Sie fordern eine neue Kultur des Umgangs miteinander. Nicht irgendwann, sondern jetzt. "Mit einer längst überfälligen öffentlichen Ehrenerklärung für Barbara, mit einem fairen Umgang untereinander auch bei Differenzen, mit strukturellen Lösungen, bei denen sich die gesamte Redaktion mitgenommen fühlt und nicht bei einer Gruppe das Gefühl entsteht, in der Chefredaktion nicht mehr vertreten zu sein."
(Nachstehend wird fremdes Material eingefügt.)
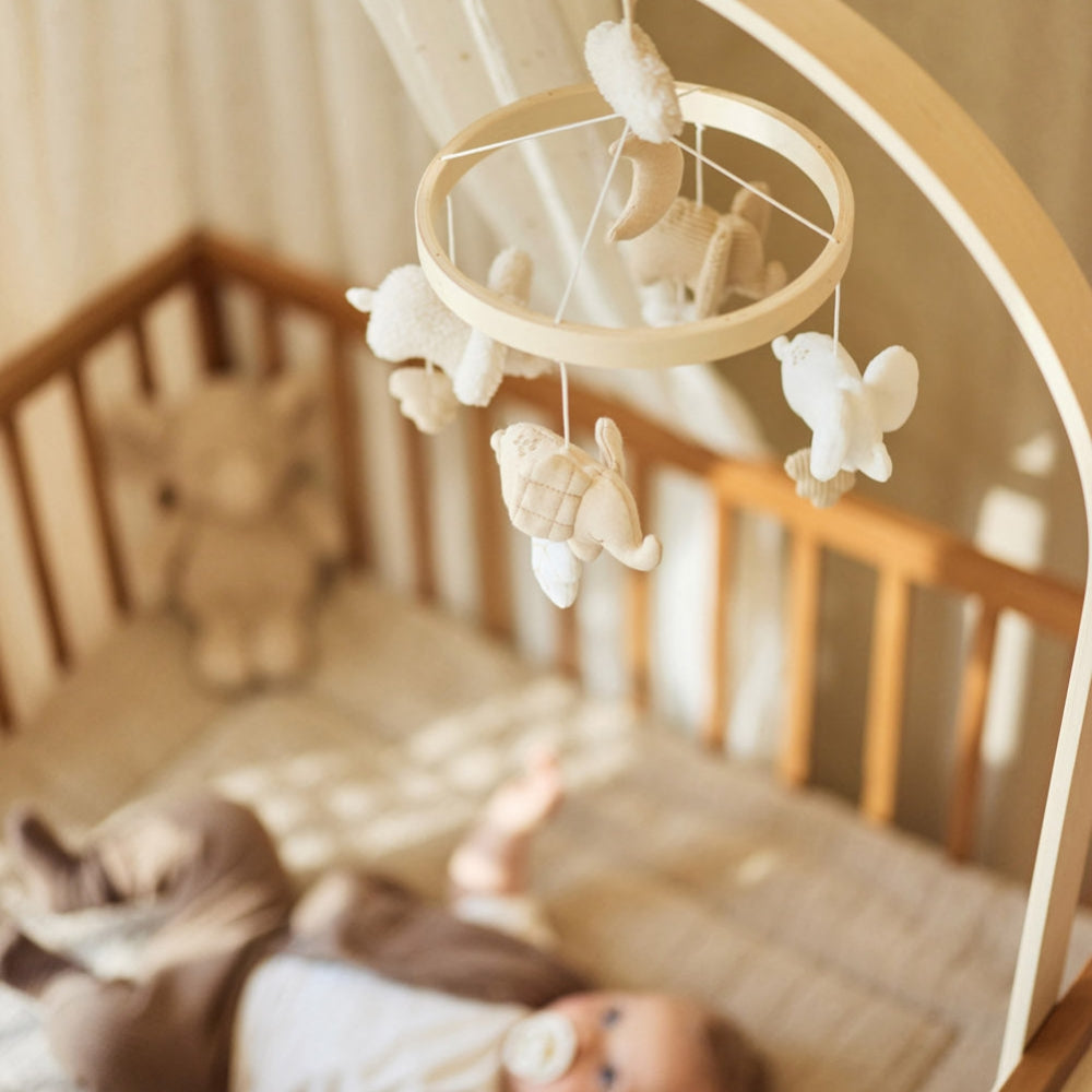 Als je op zoek bent naar een accessoire dat past bij het interieur en de dagelijkse rituelen van je baby, dan zal de wiegcarrousel van Jollein een schot in de roos zijn.
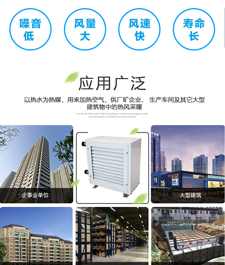 我厂生产的GS型暖风机是代替ZRG型暖风机的新产品。它是以热水为热煤,用来加热空气,供厂矿企业,生产车间其它大型建筑物中热风采暖。该型暖风机是经过反复热工性试验的,性能。GS型暖风机是由通风机,电动机及散热器组合而成的联合机组。适用于空气允许再循环的各种类型车间,当空气中不含灰尘,易燃性的气体时,可作为循环空气采暖之用。GS型暖风机结构简单,安装方便,体积小,重量轻,耗能量低。

Die Unterzeichner des Briefs wünschen sich eine Lösung mit Barbara Hans, die als Chefredakteurin in der Redaktion großen Rückhalt habe. "Sollte das – aus welchen Gründen auch immer – nicht möglich sein, erwarten wir von Euch schnelle und konkrete Erklärungen dazu, wie es weitergehen soll", so die klare Ansage an die Chef-Etage. "Wir brauchen einen Plan – und es ist Euer Job, sich darum zu kümmern und in der Zwischenzeit Schaden für alle Beteiligten und für den Spiegel abzuwenden."

Beim Spiegel heißt es auf Nachfrage von kress.de, man sei in Gesprächen mit Barbara Hans und bitte gemeinsam um Verständnis, "dass wir uns nicht äußern", so eine Unternehmenssprecherin.